*** Data provided Section Begins ***

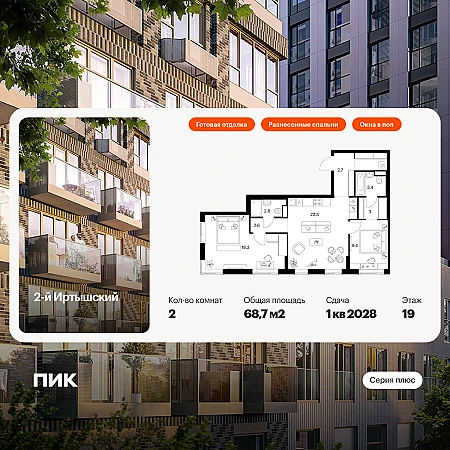 Продаётся 2-комн.квартира площадью 68.70 кв.м на 19 этаже 20 этажного дома (Корпус 1.7, секция 7) проекта ПИК 2-й Иртышский. Светлый просторный подъезд на уровне земли, функциональная планировка, большие окна, с отделкой.
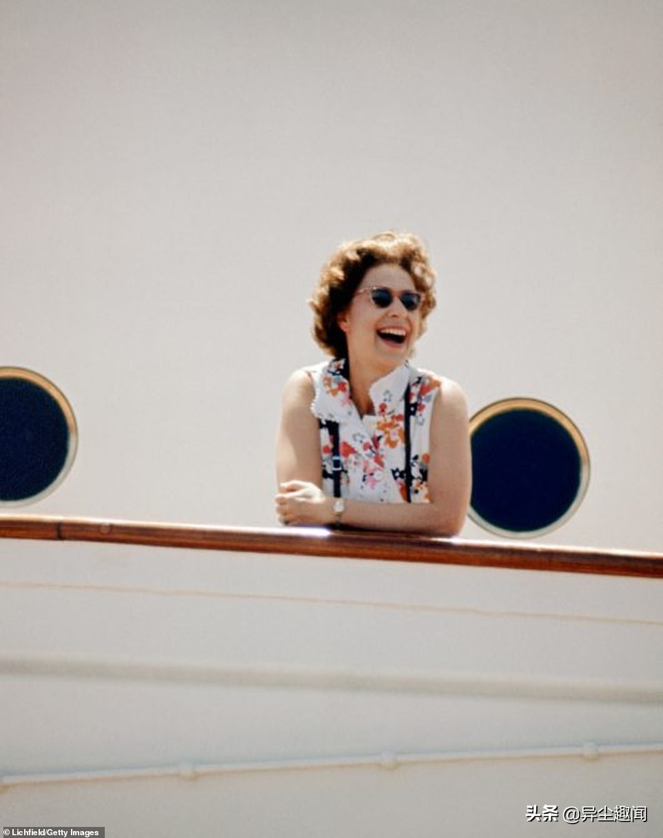 21.1971 年,女王穿着无袖连衣裙、戴着太阳镜,露出灿烂的笑容。
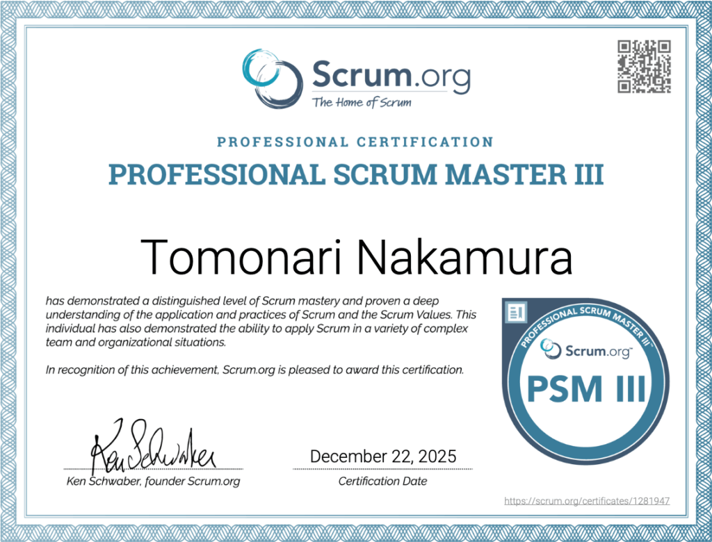 というわけで、(2025年12月22日時点でおそらく)日本人第一号となるPSM IIIを取得しました!認定試験を受けて終わりではなく、ここからの展開も色々考えてるので、2026年もよろしくお願いします!!

*** Data provided Section Ends ***

About this exercise: Reproduce the data word for word; no pictures.

Solution to the problem:
 Продаётся 2-комн.квартира площадью 68.70 кв.м на 19 этаже 20 этажного дома (Корпус 1.7, секция 7) проекта ПИК 2-й Иртышский. Светлый просторный подъезд на уровне земли, функциональная планировка, большие окна, с отделкой.
 21.1971 年,女王穿着无袖连衣裙、戴着太阳镜,露出灿烂的笑容。
 というわけで、(2025年12月22日時点でおそらく)日本人第一号となるPSM IIIを取得しました!認定試験を受けて終わりではなく、ここからの展開も色々考えてるので、2026年もよろしくお願いします!!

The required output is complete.